Unnamed: 0,R,S,99999,CITY,20000101,1,CHARGE 1,S.1,DSP,SPLIT 1 1,...,Unnamed: 433,Unnamed: 434,Unnamed: 435,Unnamed: 436,Unnamed: 437,Unnamed: 438,Unnamed: 439,Unnamed: 440,Unnamed: 441,Unnamed: 442
0,W,M,94550,LIVERMORE,20010517,1,CVC 23152(a),M,G,/0003Y,...,,,,,,,,,,
1,H,M,94804,RICHMOND,20061227,1,PC 12031(a)(1),M,DSM,,...,,,,,,,,,,
2,,,94804,RICHMOND,19980403,1,PC 459-460(b),F,G,/0003Y,...,,,,,,,,,,
3,B,F,94565,PITTSBURG,19990209,1,H&S 1135O(a),F,DSM,,...,,,,,,,,,,
4,,,4553000000,MARTINEZ,20110726,1,PC 459/460(b),F,G,/0003Y,...,,,,,,,,,,


What is the shape of our data?

In [6]:
court_df.shape

(276232, 442)

In [7]:
court_df.info()

<class 'pandas.core.frame.DataFrame'>
RangeIndex: 276232 entries, 0 to 276231
Columns: 442 entries, R to Unnamed: 442
dtypes: float64(198), int64(24), object(220)
memory usage: 931.5+ MB


We can see that the orignal file has a shape of 276,232 rows, and 442 columns. We know that this is wrong as the original file only has 296 columns, but we will deal with this later.

## Column Headers

In [8]:
headers = pd.read_csv(data_file_location, skipinitialspace=True, usecols=range(1,443), mangle_dupe_cols=True, header=None, na_filter=False, 
                      nrows=2, index_col=None, low_memory=False)
headers

Unnamed: 0,1,2,3,4,5,6,7,8,9,10,...,433,434,435,436,437,438,439,440,441,442
0,,,ZIP,,COURT,,,,,JAIL/PROB,...,,,,,,,,,,
1,RACE,GENDER,CODE,CITY,FILE DATE,COUNT,CHARGE CODE 1,SEVERITY,DISPOSTION,1,...,,,,,,,,,,


Since the original data has 2 header rows, we will read those rows in separately, then merge them and rename the court_df column names.

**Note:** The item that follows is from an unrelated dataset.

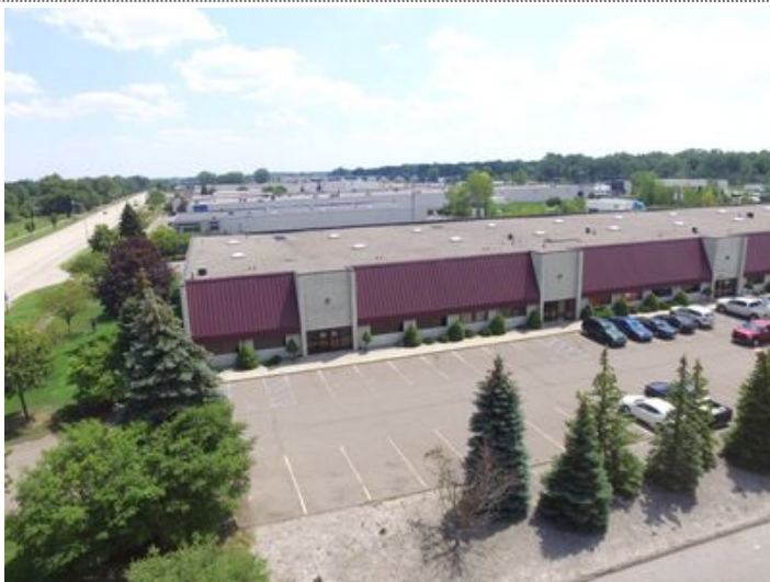
Taylor Trade Center 3 9,600sq.ft

Let's fix the Header names, and the rename our main dataframe.

In [9]:
for index in range(0, headers.shape[1] - 1, 1):
    headers = headers.rename(columns = {headers.columns[index]: index})
headers = headers.rename(columns = {headers.columns[441]: 441})

In [10]:
col_names = []
for i in range(0, headers.shape[1], 1):
    joined_column_name = str(headers[i][0].strip() + " ") + " ".join(str(headers[i][1]).strip().split())
    joined_column_name = " ".join(joined_column_name.split())
    joined_column_name = joined_column_name.lower().title()
    col_names.append(joined_column_name)
col_names

['Race',
 'Gender',
 'Zip Code',
 'City',
 'Court File Date',
 'Count',
 'Charge Code 1',
 'Severity',
 'Dispostion',
 'Jail/Prob 1',
 'Prison 1',
 'Jail/Prob 2',
 'Prison 2',
 'Jail/Prob 3',
 'Prison 3',
 'Jail/Prob 4',
 'Prison 4',
 'Jail/Prob 5',
 'Prison 5',
 'Charge Enhance 1',
 'Charge Enhance 2',
 'Charge Enhance 3',
 'Charge Enhance 4',
 'Charge Enhance 5',
 'Probation Rev Type 1',
 'Probation Rev Type 2',
 'Probation Rev Type 3',
 'Probation Rev Type 4',
 'Probation Rev Type 5',
 'Count',
 'Charge Code 2',
 'Severity',
 'Dispostion',
 'Jail/Prob 1',
 'Prison 1',
 'Jail/Prob 2',
 'Prison 2',
 'Jail/Prob 3',
 'Prison 3',
 'Jail/Prob 4',
 'Prison 4',
 'Jail/Prob 5',
 'Prison 5',
 'Charge Enhance 1',
 'Charge Enhance 2',
 'Charge Enhance 3',
 'Charge Enhance 4',
 'Charge Enhance 5',
 'Probation Rev Type 1',
 'Probation Rev Type 2',
 'Probation Rev Type 3',
 'Probation Rev Type 4',
 'Probation Rev Type 5',
 'Count',
 'Charge Code 3',
 'Severity',
 'Disposition',
 'Jail/Prob 1',
 'P

We can see that there are still some column names that are not perfectly cleaned.  Let's find the indices of these headers.

In [11]:
n = col_names.index("Charge Enhanc E 5")
col_names[n] = "Charge Enhance 5"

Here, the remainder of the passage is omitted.